Your instructions:
Quote, exactly, the line holding "Hra o malém princí" and all lines after it to the end of the records below. Exclude pictures.

Records from a data source:
###

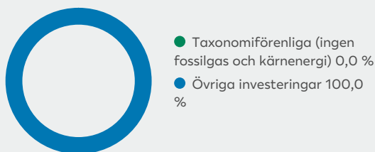
2. Taxonomiförenlighet hos investeringar, exklusive statliga obligationer*
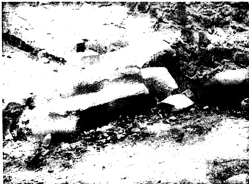
Obr. 2. Hrad choustník, architektonické články * předhradl. v pozadí je dobře patrné pokrytí koruny ědiva cementovou směsí. Foto J. Noll, 1993.

Odlišný charakter měla obnova a osudy jihočeského hradu Choustníka u Tábora. Hrad prodělal v 80. letech rozsáhlou obnovu, kterou projekčně i dodavatelsky zabezpečoval Jihočeský podnik pro údržbu památek Tábor, tedy organizace, která by měla být mimo vši pochybnost považována za povolnou k tomuto úkolu. K obnově bylo provedeno zaměření, v němž lze na první pohled najít chyby, vyplývající z jeho jen velmi průměrného řemeslného pro-
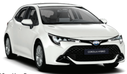
040 – Kar Beyazı
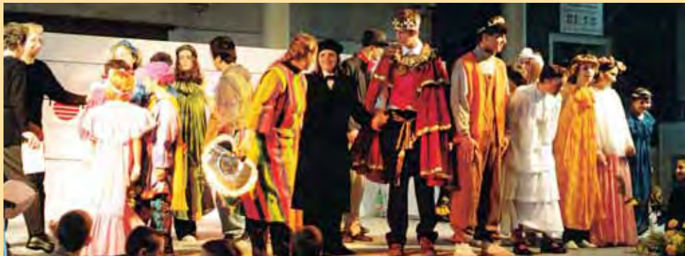
Hra o malém princí
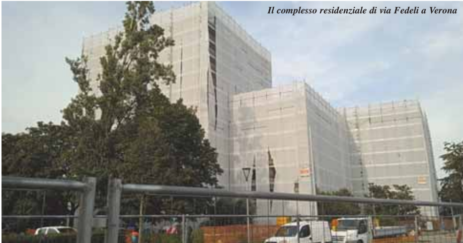
Il complesso residenziale di via Fedeli a Verona
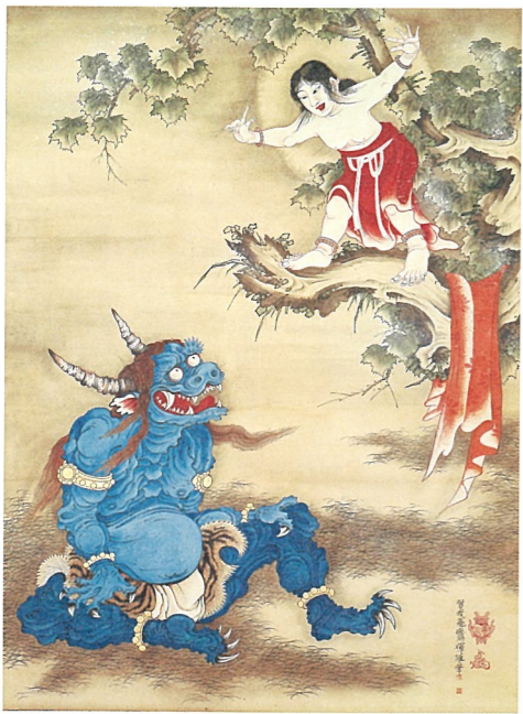
曾我蕭白 雪山童子図 松阪市・嵯峨寺 (後期展示)
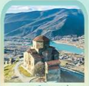
มทวิซาร์จวารี
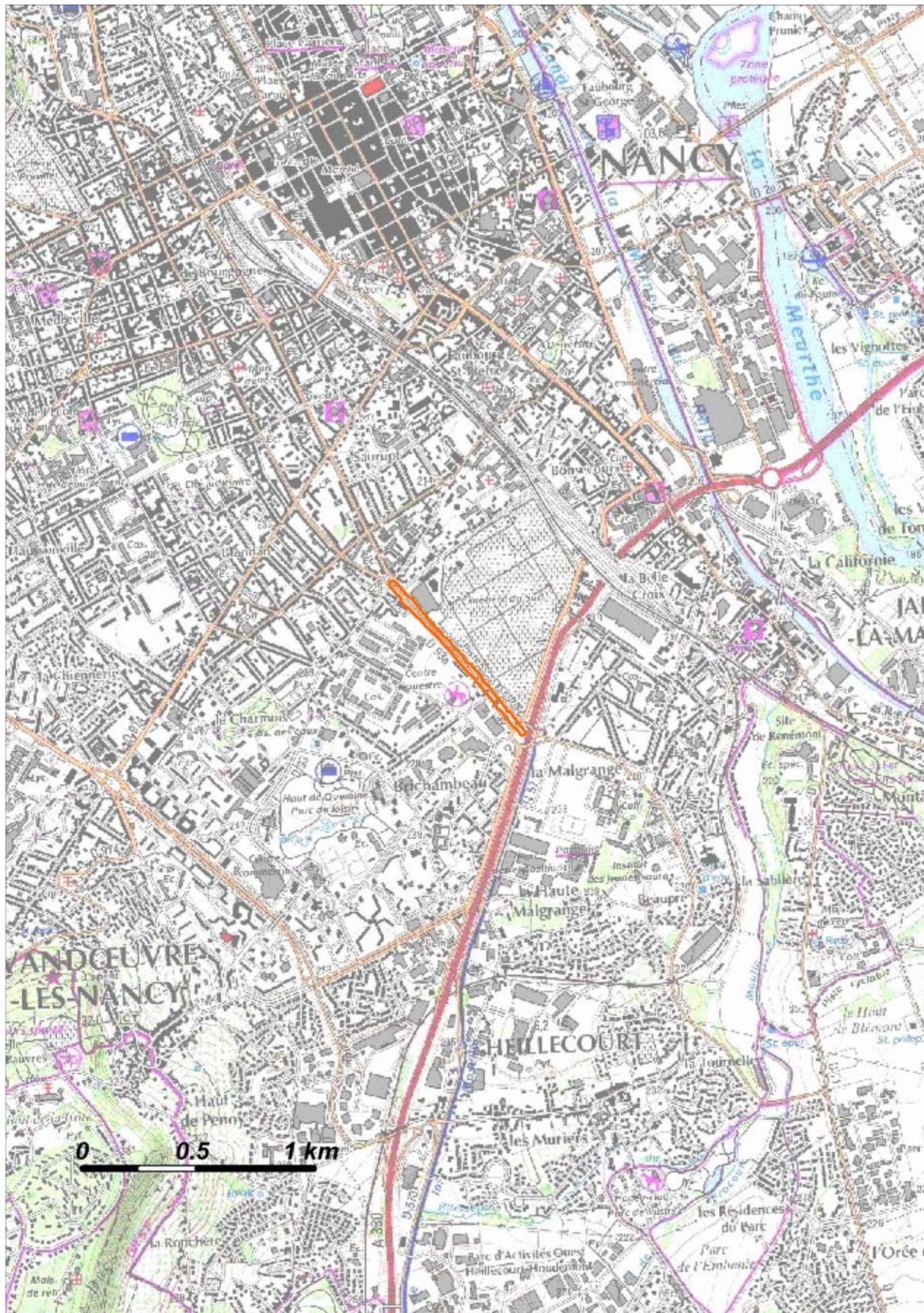
Plan de situation (voie cartographiée en rouge)

###

Answer area:
Hra o malém princí
Il complesso residenziale di via Fedeli a Verona
曾我蕭白 雪山童子図 松阪市・嵯峨寺 (後期展示)
มทวิซาร์จวารี
Plan de situation (voie cartographiée en rouge)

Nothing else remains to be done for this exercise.